Henry Maier Festival Park is a 75-acre festival park located in Milwaukee, Wisconsin on the shore Lake Michigan and is the site of the annual Summerfest musical festival and the home of the American Family Insurance Amphitheater.

History

Before Summerfest 
In 1927 Maitland Airport was opened. It was one of the city's first airstrips. The airport remained in operation for more than 20 years before it was replaced by a Nike missile installation, established during the height of '50s Cold War tensions. The site was one of eight in the Greater Milwaukee area and hosted both the Nike Ajax and nuclear-capable Nike Hercules missiles as a means of last resort against a possible attack by the Soviet Union. The military installation, along with a radar station at Lake Park, remained in use until 1969 when the Army closed them in an effort to reduce costs.

The land was then sold to the city and became a top possible destination by Summerfest's early leaders, who worried for the fest's future after bad weather caused a poor turnout in its second year. Organizers believed that a centralized location was crucial, and the lakefront site appeared ideal.

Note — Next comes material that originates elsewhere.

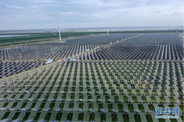 在江蘇省東臺市沿海灘涂綜合開發(fā)示范區(qū),集風(fēng)力發(fā)電、光伏發(fā)電、水面養(yǎng)殖為一體的“風(fēng)光漁”立體開發(fā)模式正在形成,實(shí)現(xiàn)灘涂資源的高效利用與生態(tài)開發(fā)。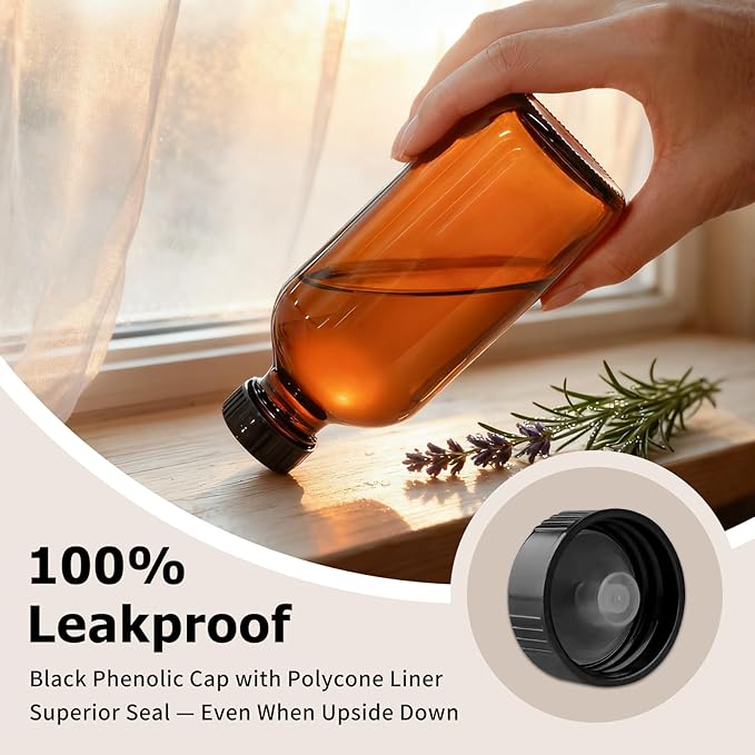 - Leak-Proof & Airtight Seal:Each bottle is equipped with a black phenolic cap and a polycone liner that forms a secure, airtight seal — ideal for home brewing, essential oils, herbal infusions, or fermented goods.

In 1970, the Harbor Commission, which took ownership of the land from the Army, constructed a deal and began leasing the site to Summerfest for one dollar a year. The recently formed Summerfest quickly set up makeshift offices from the remaining barracks and the control building.

Summerfest 
The history of the Henry Maier Festival Park starts with Summerfest in 1968. The music festival was created that year, and found some success, being held in 35 different locations. The next year, however, was inundated with horrific weather, forcing cancellation of the last day and ensuring financial losses for that year. In 1970 a central location was decided upon: an abandoned strip of land along the lakefront in the downtown area, which was the former Maitland Airport and served as a Nike missile site during the Cold War.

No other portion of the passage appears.